Les black blocs

Par mercredi 2 mai 2018 Permalink 12

Les black blocs ont frappé pour le 1er mai. Certains casseurs, n’en doutons pas tellement c’était téléphoné, ont dû prendre une belle enveloppe d’un émissaire gouvernemental, le soir, mission accomplie, à la Conciergerie ou dans les sous-sols du ministère de l’Intérieur. Macron n’a pas inventé la mode et la méthode est classique pour entraver une manifestation! Néanmoins, cette histoire laisse incontestablement percer le mal-être de nos dirigeants face à une contestation sociale qui ne cesse de croître.

Les black blocs sont l’arbre qui cache la forêt. Le maelstrom social de ce printemps 2018 pourrait bien entraver l’action gouvernementale. On voit les chaînes d’info en continu et les journaux se mobiliser pour dévaluer l’action syndicale. Il s’agit avant tout de faire croire que le peuple français dans sa majorité ne participe pas au mécontentement. Leur grand leitmotiv est “ça ne prend pas” bien que celui-ci devienne de plus en plus décalé par rapport à la réalité des faits. Pire l’espèce de tempérance dont font preuve les centrales syndicales, peut d’un coup être débordée par la base. Les gens en ont ras-le-bol et de plus en plus n’ont strictement rien à perdre, voire tout à gagner à une révolution.

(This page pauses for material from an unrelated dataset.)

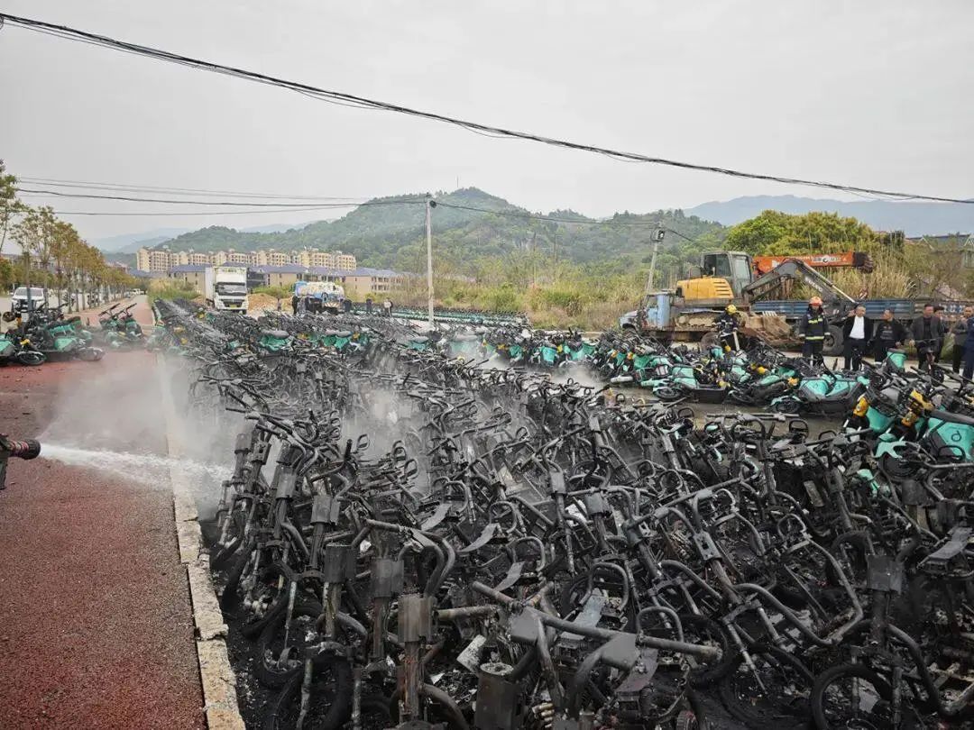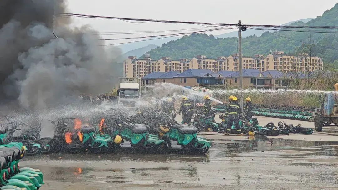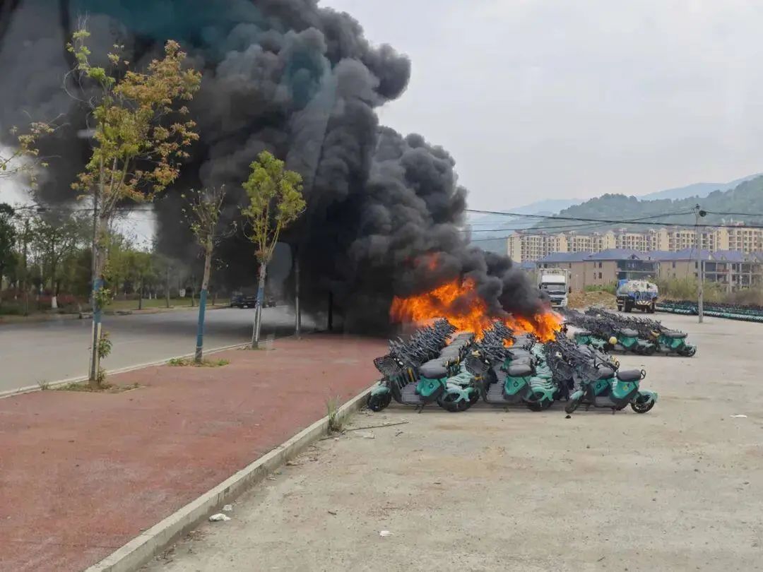 多辆电动自行车正在燃烧

La pornographie qui consiste à étaler la vie des riches devant des pauvres qui n’ont d’autres loisirs que de regarder la télé, finit par heurter les plus dociles. La prise de conscience de l’existence d’une inégalité sociale profondément injuste est le terreau nécessaire pour un grand chamboule-tout. Les storytelling du genre “Macron au bord de la mer”, “Macron fait du ski”, “Macron en Amérique”, etc, commencent à transformer le regard goguenard du citoyen français en regard de haine face au représentant d’une élite dont il se rend compte confusément qu’elle n’a pas grand chose de supérieur à lui sinon un paquet de pognon gagné sur son dos.

Les 1200 ou 1500 black blocs apparus hier pourraient bien n’être que l’avant garde d’une foule immense mobilisée contre ce que représente Emmanuel Macron, l’argent, la suffisance et le mensonge.